### What to do
What you output must match, exactly, the lines from the start of the records to the line containing "Sleeveless white collar", both ends kept and pictures excluded.
....
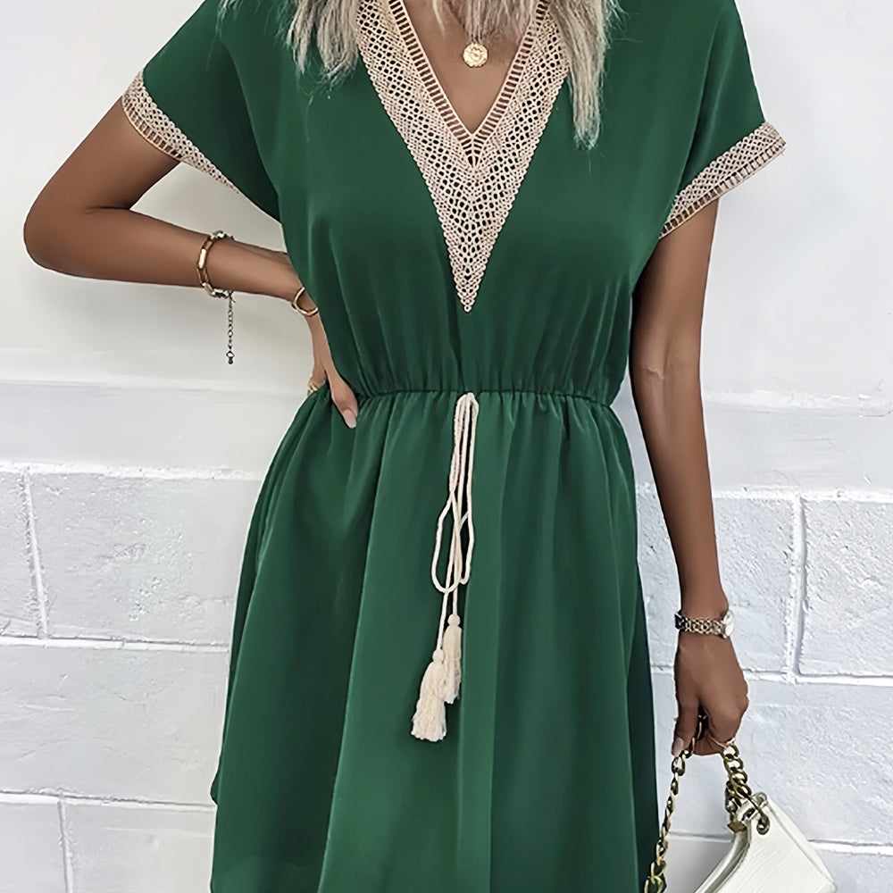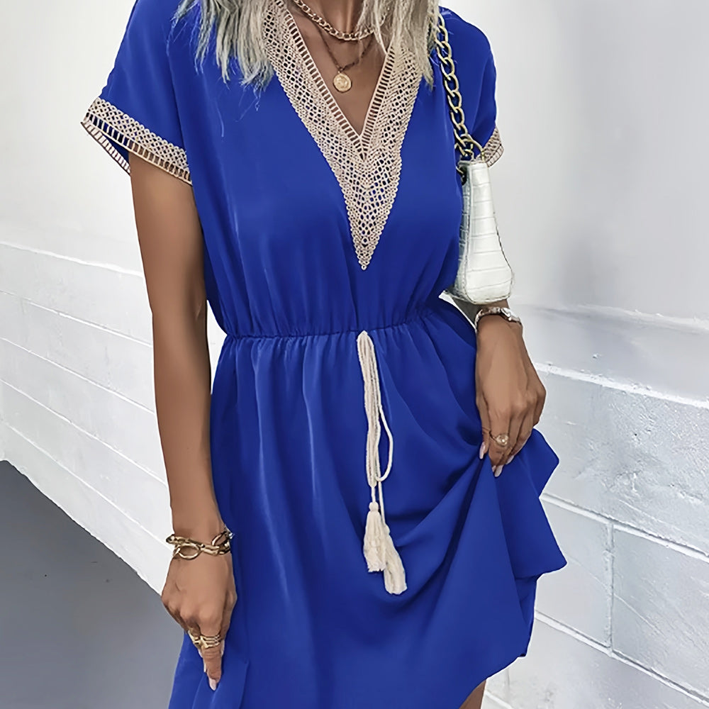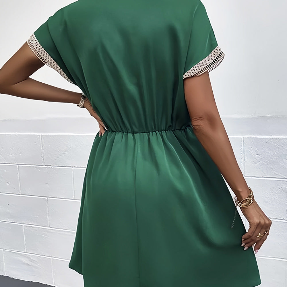 Sommerlich modisches Kurzarmkleid mit V-Ausschnitt und taillierter Passform
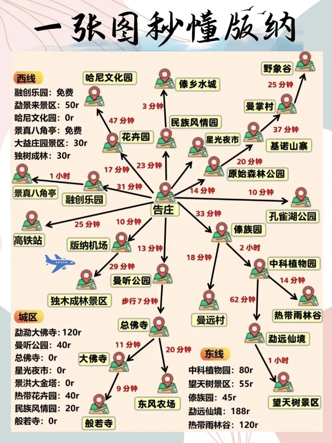 (附路线图:西双版纳站→嘎庄双西景→野象谷→原始森林公园→基诺山寨→傣族园→勐泐大佛寺→曼听公园→嘎洒机场)
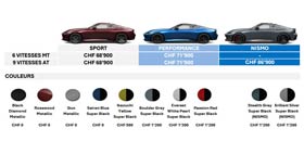 Chez Nissan USA, trois versions de base, Sport, Performance et Proto Spec. Sur le site japonais de Nissan, quatre versions sont proposées, Z (base), Z-S (boîte manuelle 6 vitesses), Z-T (boîte automatique 9 vitesses) et Z-ST (version supérieure). Je n'ai pas bien compris la différence entre la Z et la Z version S. 9 coloris sont à choix, dont 6 bi-tons.
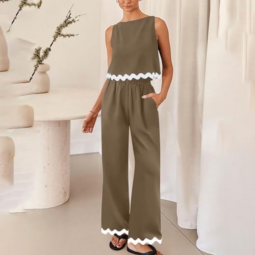 Linen Set for Women Casual Summer Outfits Matching Crop Top and Pant Set Tank Wide Leg Lounge Set with Pockets
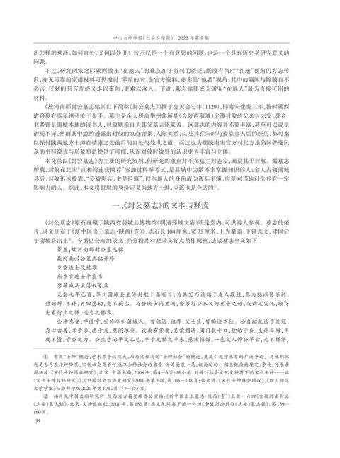 《故河南郡封公墓志铭》(以下简称《封公墓志》)撰于金天会七年(1129),即南宋建炎三年,彼时陕西
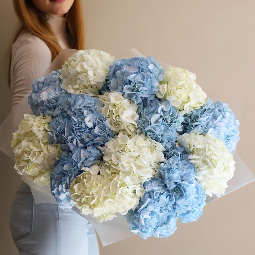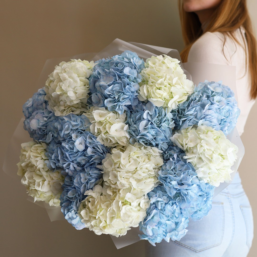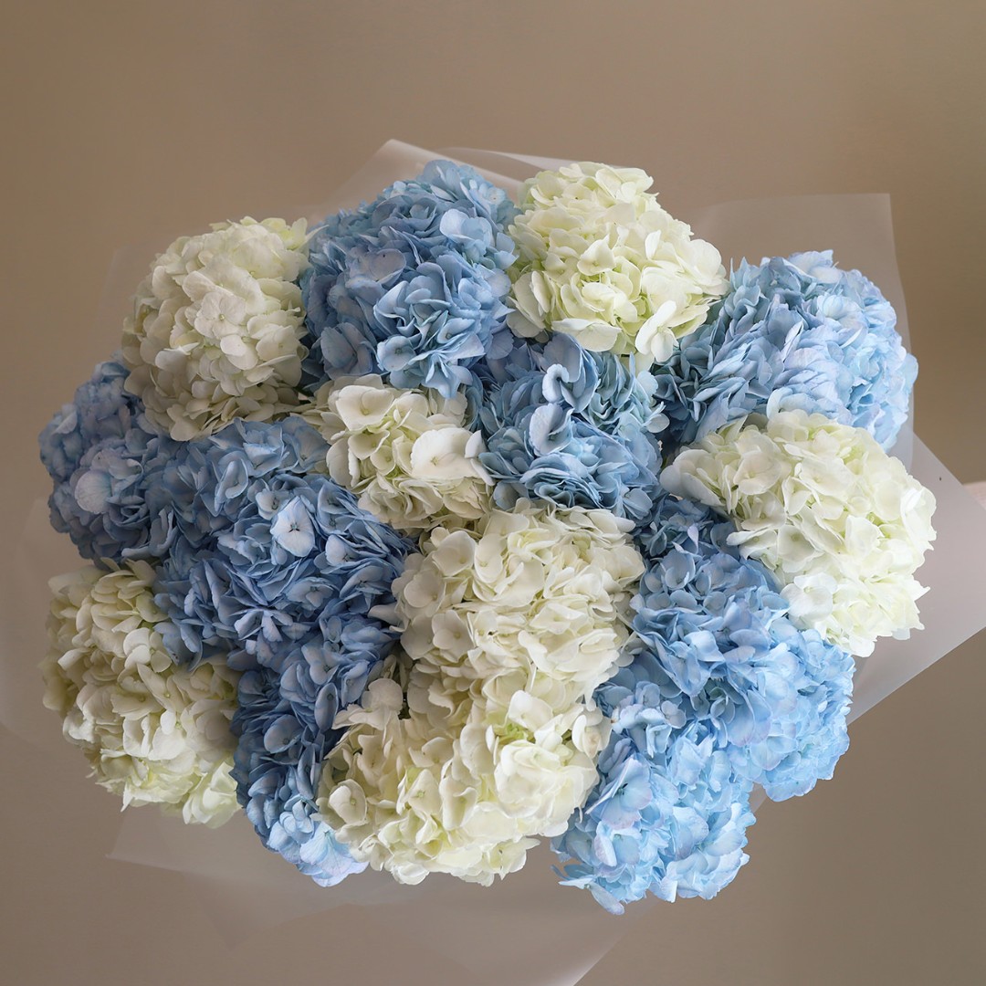 Букет из 15 шапочек голубой и белой гортензии. Вы можете выбрать любое количество цветов указанное в перечне к данному букету.
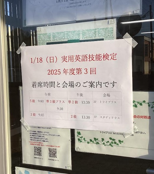 昨日、18日は一関の自習室・スタディテラスにて、英検が実施されました。
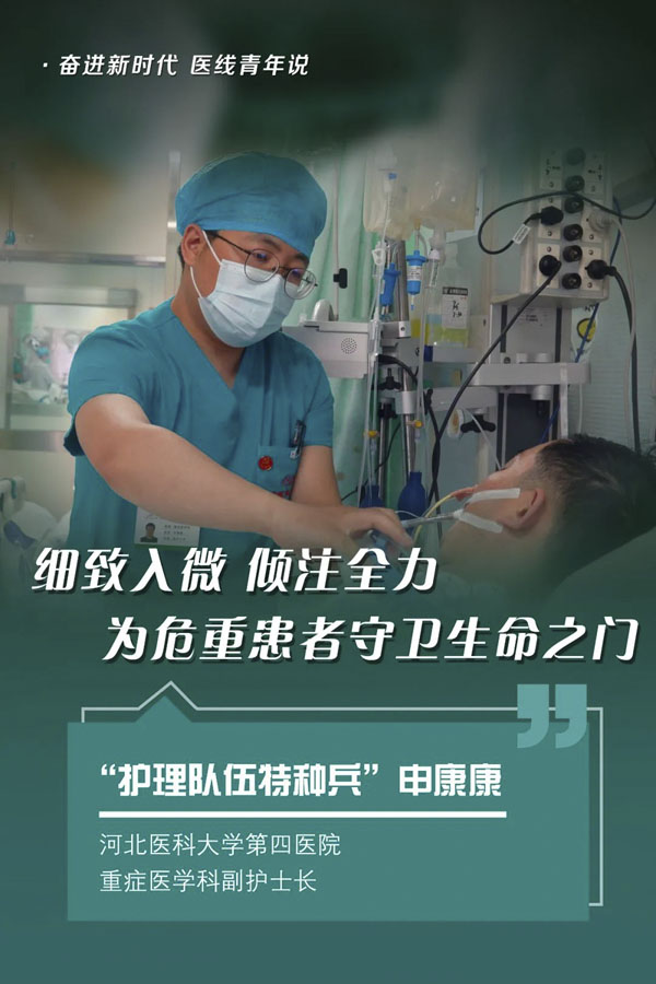 512日是第112个国际护士节,在传统观念中,“护理”这个职业总是与女性的“温柔”“细心”等形容词关联在一起。近年来,越来越多的男护士加入护理队伍,他们被亲切地称为“男丁格尔”。河北医科大学第四医院ICU的副护士长申康康身为“男丁格尔”,已经扎根在重症医学科17年,他不仅用青春诠释了对护理事业的执着与追求,也用奋斗一次次创造生命的奇迹。
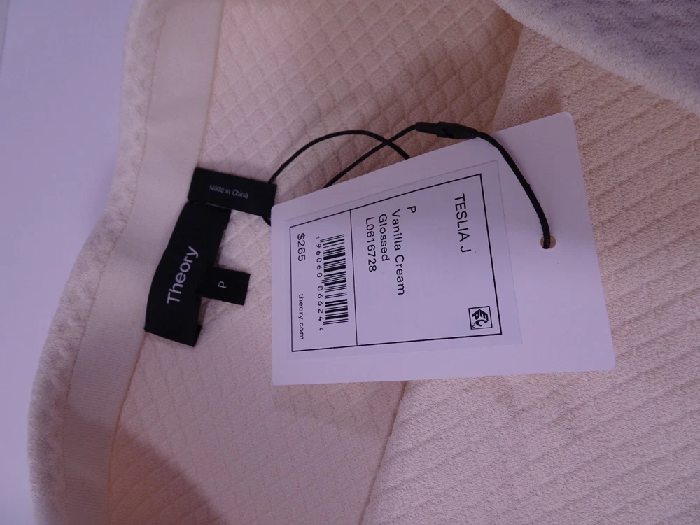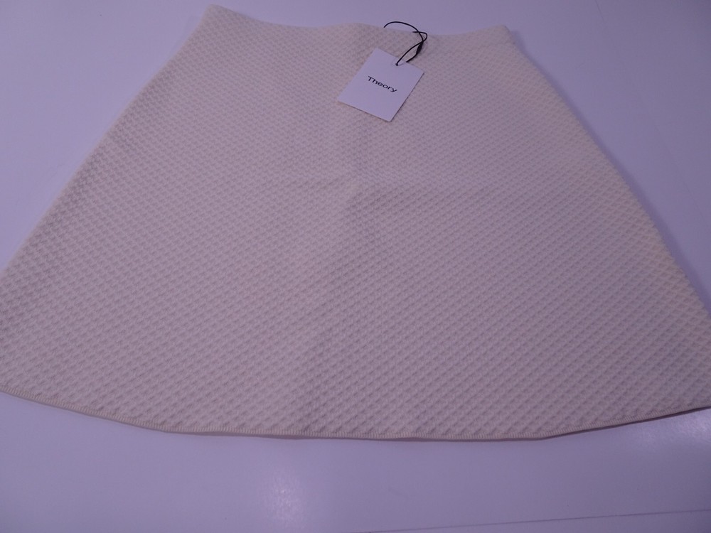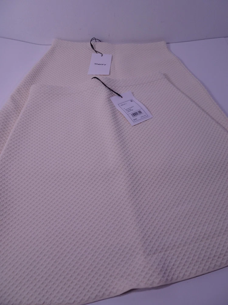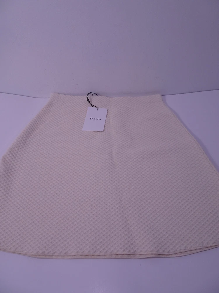 Theory Teslia A-Line Skirt Vanilla Cream NWT 298 Size P=0-2. Details & care A charming A-line skirt is subtly textured with a diamond-embossed pattern for a preppy look. 17" length (Small) 83% rayon, 13% nylon, 1% spandex Dry clean Imported Model stats: 5'10" height, 32" bust, 25" waist, 36" hip. Model is wearing size small Item #10079286
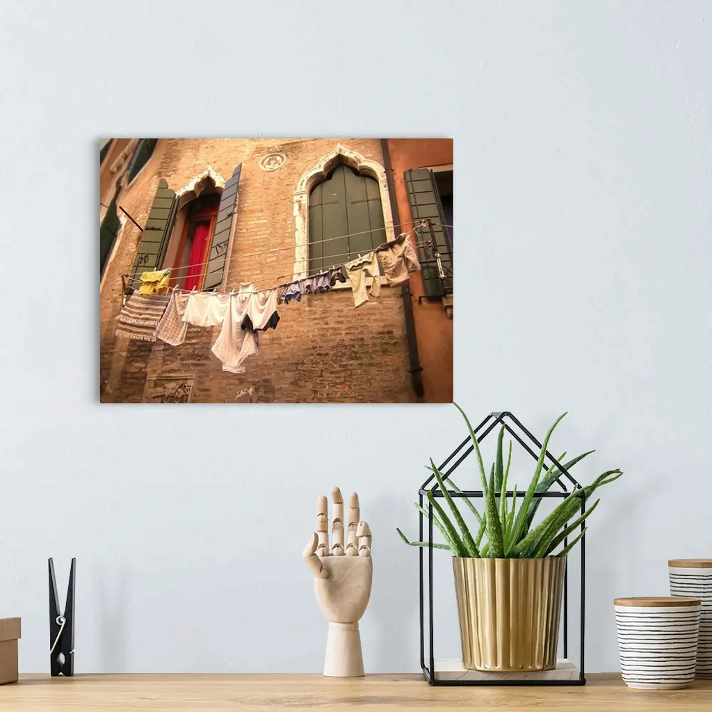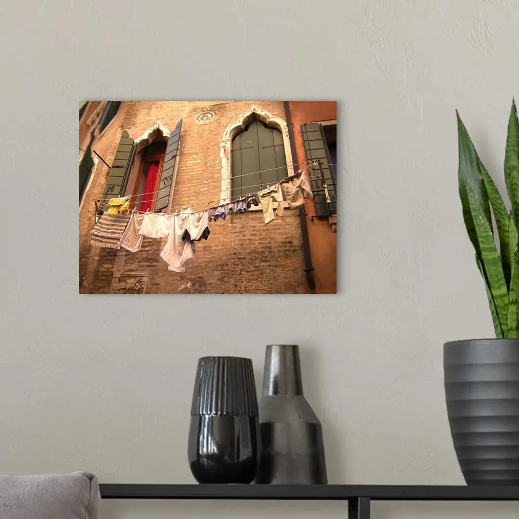 Italian building with hanging washing wall art for home and office decor. Discover canvas art prints, photos, mural, big canvas art and framed wall art in GreatBigCanvas.com's varied collections.
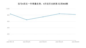 2021年5月,宝马4系销量为818辆,同比增长67.62%,环比下降2.85%。1-5月份,宝马4系销量为3888辆,同比增长67.3%。在最近1年中,宝马4系销量在2021年04月达到最高,销量为842辆。
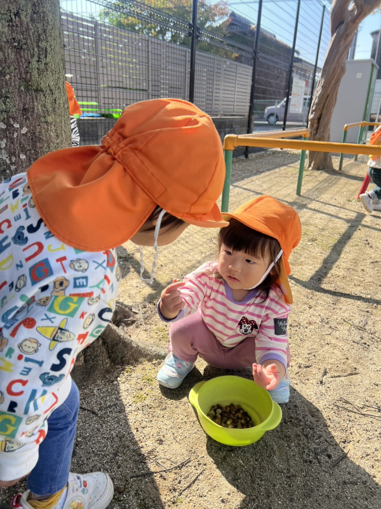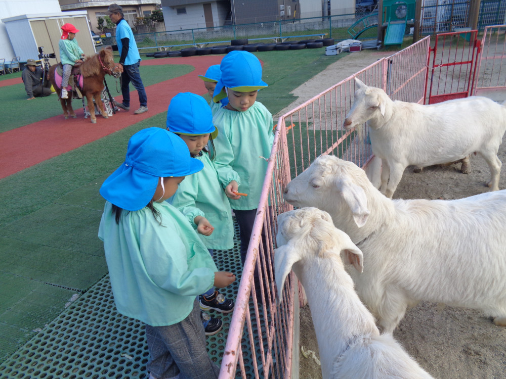 秋晴れの心地良い気候や冷たい空気に深まる秋や冬の訪れを感じますね。最近では、散歩に出かけて秋の自然物に触れながら遊ぶ子どもたちの姿が見られます。 きりん組は(4歳児クラス)先日、移動動物園が来て様々な動物と触れ合いました!優しく声を掛けながらえさやり体験も楽しんでいました☆ ひよこ1組は(1歳児クラス)秋の自然物に興味を示す子が多く、どんぐりや木の実などを見つけると、保育者や友だちと見せ合いっこする可愛らしい姿が見られますよ♡
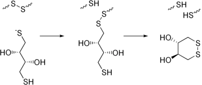 A common 1,4-dithiol is dithiothreitol (DTT), HSCH2CH(OH)CH(OH)CH2SH, sometimes called Cleland's reagent, for to reduce protein disulfide bonds. Oxidation of DTT results a stable six-membered heterocyclic ring with an internal disulfide bond.
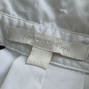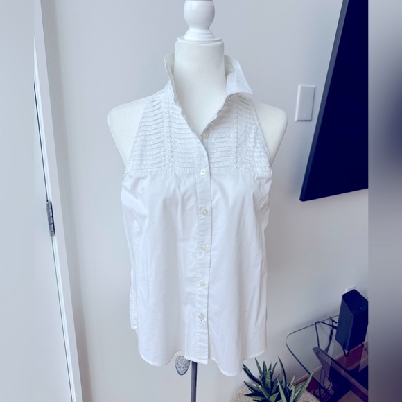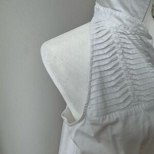 Sleeveless white collar blouse with pleats. A little flowy and the back has a cool peep hole on the spine. Not new and fairly worn but could look bright with a bleach and starch.
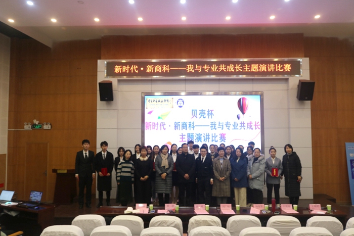 12月8日下午,儒商书院在学校报告厅举办了贝壳杯“新时代·新商科——我与专业共成长”主题演讲比赛。青岛贝壳房地产咨询服务有限公司校园招聘部经理刘广明、商学院党总支副书记薛峰、商学院各教研室负责人出席了此次活动。
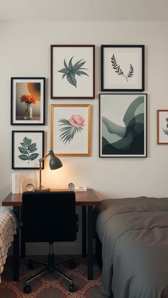 Wall art can transform a simple dorm room into a stylish retreat. In this image, a collection of framed artworks creates a stunning focal point. Each piece adds character and personality, making the space feel more inviting.
....
### Solved exercise
 Sommerlich modisches Kurzarmkleid mit V-Ausschnitt und taillierter Passform
 (附路线图:西双版纳站→嘎庄双西景→野象谷→原始森林公园→基诺山寨→傣族园→勐泐大佛寺→曼听公园→嘎洒机场)
 Chez Nissan USA, trois versions de base, Sport, Performance et Proto Spec. Sur le site japonais de Nissan, quatre versions sont proposées, Z (base), Z-S (boîte manuelle 6 vitesses), Z-T (boîte automatique 9 vitesses) et Z-ST (version supérieure). Je n'ai pas bien compris la différence entre la Z et la Z version S. 9 coloris sont à choix, dont 6 bi-tons.
 Linen Set for Women Casual Summer Outfits Matching Crop Top and Pant Set Tank Wide Leg Lounge Set with Pockets
 《故河南郡封公墓志铭》(以下简称《封公墓志》)撰于金天会七年(1129),即南宋建炎三年,彼时陕西
 Букет из 15 шапочек голубой и белой гортензии. Вы можете выбрать любое количество цветов указанное в перечне к данному букету.
 昨日、18日は一関の自習室・スタディテラスにて、英検が実施されました。
 512日是第112个国际护士节,在传统观念中,“护理”这个职业总是与女性的“温柔”“细心”等形容词关联在一起。近年来,越来越多的男护士加入护理队伍,他们被亲切地称为“男丁格尔”。河北医科大学第四医院ICU的副护士长申康康身为“男丁格尔”,已经扎根在重症医学科17年,他不仅用青春诠释了对护理事业的执着与追求,也用奋斗一次次创造生命的奇迹。
 Theory Teslia A-Line Skirt Vanilla Cream NWT 298 Size P=0-2. Details & care A charming A-line skirt is subtly textured with a diamond-embossed pattern for a preppy look. 17" length (Small) 83% rayon, 13% nylon, 1% spandex Dry clean Imported Model stats: 5'10" height, 32" bust, 25" waist, 36" hip. Model is wearing size small Item #10079286
 Italian building with hanging washing wall art for home and office decor. Discover canvas art prints, photos, mural, big canvas art and framed wall art in GreatBigCanvas.com's varied collections.
 2021年5月,宝马4系销量为818辆,同比增长67.62%,环比下降2.85%。1-5月份,宝马4系销量为3888辆,同比增长67.3%。在最近1年中,宝马4系销量在2021年04月达到最高,销量为842辆。
 秋晴れの心地良い気候や冷たい空気に深まる秋や冬の訪れを感じますね。最近では、散歩に出かけて秋の自然物に触れながら遊ぶ子どもたちの姿が見られます。 きりん組は(4歳児クラス)先日、移動動物園が来て様々な動物と触れ合いました!優しく声を掛けながらえさやり体験も楽しんでいました☆ ひよこ1組は(1歳児クラス)秋の自然物に興味を示す子が多く、どんぐりや木の実などを見つけると、保育者や友だちと見せ合いっこする可愛らしい姿が見られますよ♡
 A common 1,4-dithiol is dithiothreitol (DTT), HSCH2CH(OH)CH(OH)CH2SH, sometimes called Cleland's reagent, for to reduce protein disulfide bonds. Oxidation of DTT results a stable six-membered heterocyclic ring with an internal disulfide bond.
 Sleeveless white collar blouse with pleats. A little flowy and the back has a cool peep hole on the spine. Not new and fairly worn but could look bright with a bleach and starch.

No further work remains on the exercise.